You will be prompted for a password for the docker container registry-admin user. The registry-admin password is initially set to the same password as the admin user for the CDF Management Portal during installation when Configuring and Running the OMT Installer; however, later changing the CDF Management Portal admin password does not change the registry-admin password as it is managed separately.

./upload_images_to_ECR -o {organization} -c 8 -F {unzipped-installer-dir}/images/fusion-x.x.x.x.tar -F {unzipped-installer-dir}/images/recon-x.x.x.x.tar

4. Add new metadata.
Make sure to copy the arcsight-suite-metadata-x.x.x.x.tar to the system where your web browser is running before performing the process below.
5. Browse to the management portal at https://<virtual_FQDN>:5443, or at https://<master_node1_FQDN>:5443.
   1. Click DEPLOYMENT>Metadata and click + Add.
   2. Select arcsight-suite-metadata-x.x.x.x.tar from your system. The new metadata is added to the system.
6. If Intelligence is deployed, you must label the worker nodes again. The interset label is now intelligence, the interset-datanode label is now intelligence-datanode, the interset-namenode label is now intelligence-namenode, and the interset-spark label is now intelligence-spark.
7. Start the upgrade process.
   1. Go to DEPLOYMENT > Deployments. Notice the number 1 in the red circle in the Update column.
   Minor version changes do not display like regular updates. (For example: 21.1.0.15 -> 21.1.0.16.)
   2. Click the red circle and select your recently added metadata to initiate the upgrade.
8. From the Update to page, click NEXT until you reach the Import suite images page.
When prompted to download or transfer images, you can simply click Next to skip the steps. You performed these steps earlier.
9. Ensure that the validation results of container images show a complete number of files.
When you arrive at the Import suite images page, the images should already be imported, as you performed these steps earlier.


10. If you’ve deployed Transformation Hub, you must configure your enrichment stream processor, which is a new capability in this release.

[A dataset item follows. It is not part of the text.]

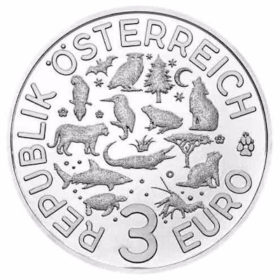 Die neue Serie der Münze Österreich portraitiert zwölf Tiere aus aller Welt. Und das auf sehr ungewöhnliche Art, denn erstens beträgt der Nennwert der Tier-Taler 3 Euro; und zweitens werden die Tiere nachts gleichsam aktiv: Sie leuchten im Dunkeln nach.

    1. On the Transformation Hub tab, specify the # of Enrichment Stream Processor Group instances to start value. The default value is 2.

    2. On the Transformation Hub tab, specify the Enrichment Stream Processor Group source Topic value. The default value is th-arcsight-avro.

       If ESM is deployed, you may want to use a value other than the default to use ESM event enrichment. For more information, see Local and Global ESM Event Enrichment.

    3. On the Fusion tab, specify the Enable Generator ID Manager value to True. The default value is True.

    4. On the same Fusion tab, set the Generator ID Range Start and Generator ID Range End values to provide a range of at least 100 between them.

       A range of 100 should be sufficient for common scenarios with a comfortable buffer, but you could also make the range larger if you have configured a large number of Enrichment Stream Processor instances or other components that utilize Generator IDs from this ArcMC instance.

    It is important to choose a range that does not overlap with the Generator ID Manager range configured in any other ArcMC instances in your organization, otherwise different events with duplicate Globally Unique Event IDs could be created.
11. Click NEXT until you reach the Upgrade Complete page.